Task goal: Leave out every picture, then transcribe the rest of the listing exactly.

Raw data:
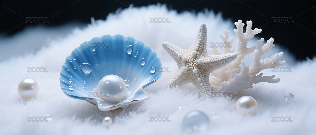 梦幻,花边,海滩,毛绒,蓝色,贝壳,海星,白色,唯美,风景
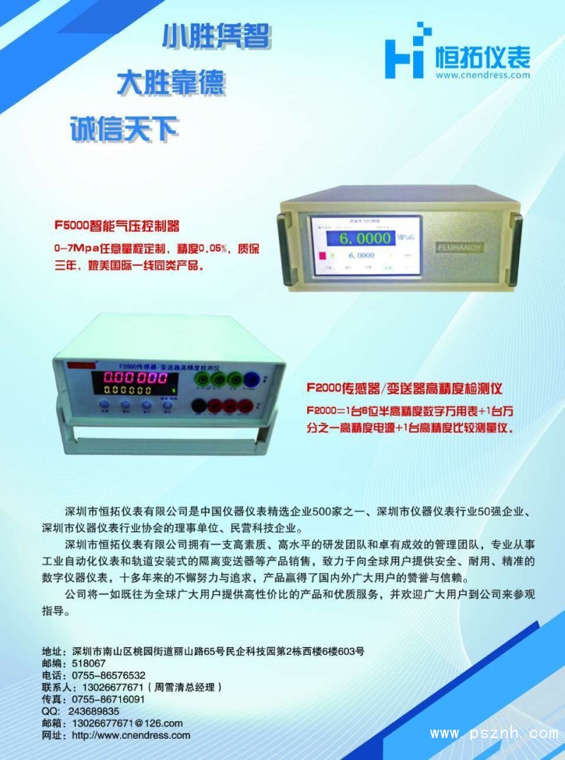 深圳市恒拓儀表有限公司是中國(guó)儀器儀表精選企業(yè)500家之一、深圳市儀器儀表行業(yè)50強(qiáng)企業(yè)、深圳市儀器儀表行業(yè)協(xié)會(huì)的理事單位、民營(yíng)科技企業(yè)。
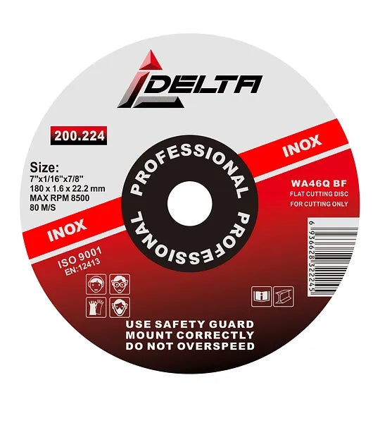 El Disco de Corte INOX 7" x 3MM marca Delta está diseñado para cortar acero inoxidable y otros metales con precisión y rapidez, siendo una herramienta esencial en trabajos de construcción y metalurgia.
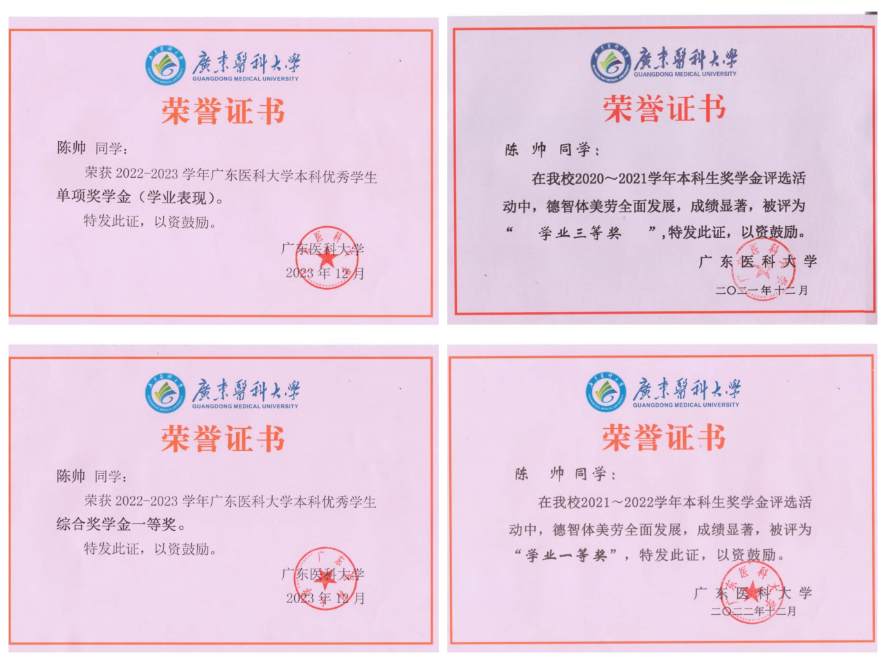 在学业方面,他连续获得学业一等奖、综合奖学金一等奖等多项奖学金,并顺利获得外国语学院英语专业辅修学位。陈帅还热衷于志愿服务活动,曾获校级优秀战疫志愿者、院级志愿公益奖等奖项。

Response area:
 梦幻,花边,海滩,毛绒,蓝色,贝壳,海星,白色,唯美,风景
 深圳市恒拓儀表有限公司是中國(guó)儀器儀表精選企業(yè)500家之一、深圳市儀器儀表行業(yè)50強(qiáng)企業(yè)、深圳市儀器儀表行業(yè)協(xié)會(huì)的理事單位、民營(yíng)科技企業(yè)。
 El Disco de Corte INOX 7" x 3MM marca Delta está diseñado para cortar acero inoxidable y otros metales con precisión y rapidez, siendo una herramienta esencial en trabajos de construcción y metalurgia.
 在学业方面,他连续获得学业一等奖、综合奖学金一等奖等多项奖学金,并顺利获得外国语学院英语专业辅修学位。陈帅还热衷于志愿服务活动,曾获校级优秀战疫志愿者、院级志愿公益奖等奖项。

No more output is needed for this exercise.